Eunice Huthart (born 2 November 1966) is best known for winning Gladiators and then being invited to return to the show as a Gladiator herself, under the name "Blaze". She remains the only UK contender to ever become a Gladiator. She went on to become a stunt double for such stars as Famke Janssen, Angelina Jolie, Milla Jovovich, and Uma Thurman.

Gladiators 

Huthart made her first appearance on Gladiators in 1994, and went on to become the female series champion that year. In the Grand Final, she and Kerryn Sampey had an exciting Eliminator where Huthart fell down the Travelator twice and Sampey was able to pass her, but she fell down it too.

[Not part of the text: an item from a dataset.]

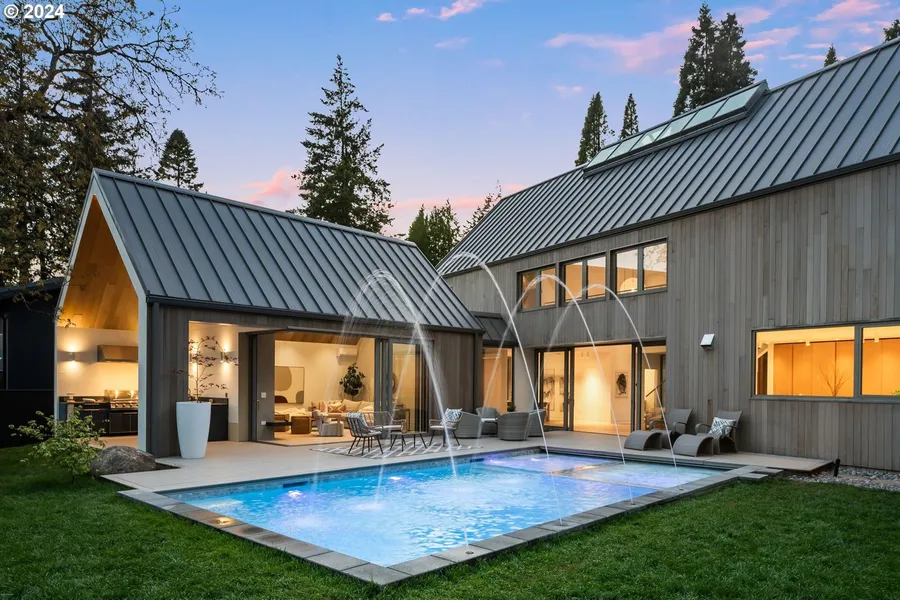 "Villa M" A Truly Custom Built Contemporary Scandinavian Farmhouse located in the sought-after Dunthorpe neighborhood. Stunning New Construction, soaring 30-foot ceilings capped by glass, creating a light filled living experience. Extensive use of custom white oak cabinetry throughout home, craftsmanship of a bygone era. High-end European Windows and Doors the pinnacle of form and function blurring the lines between interior and exterior. Transverse a glass hallway to the large living room where you?re greeted by vaulted ceilings and a grand fireplace. Walls of glass part to open to the pool deck, and outdoor kitchen. Pool+Spa with fountains, lighting, and automatic pool cover. Chefs kitchen with oversized island, waterfall edge, slab backsplash and high-end appliance package. Upper-level bedrooms with built-in closets and functional loft spaces, taking advantage of the opportunity presented by the voluminous vaulted ceilings. Primary suite with expanisve built-in closet system, walls wrapped in white oak, primary bath with spacious wet room. Main level study with adjoining full bath and zero edge shower entry provide flexibility with accessibility. Sleek clean finishes, lighting choices, museum reveal baseboards, and zero trim doorways all flawlessly crafted and executed to compliment the refreshingly high-end modern aesthetic. Why wait to build? When you can have it all today!

Huthart was able to reach to top of the Travelator and swing to victory.

Following her triumph in the domestic series, Huthart advanced forward to the international series. While running the Gauntlet in the international series final, Huthart got into a spot of bother with American Gladiator, Ice, who was the first Gladiator she had to get past. As Huthart ran towards her, Ice raised her Ramrod and struck Huthart in the face. Huthart got to the end in just over 20 seconds which earned her five points. However, Huthart lost her cool and went back after Ice which earned her a telling off from referee, John Anderson. Huthart went on to win the international series.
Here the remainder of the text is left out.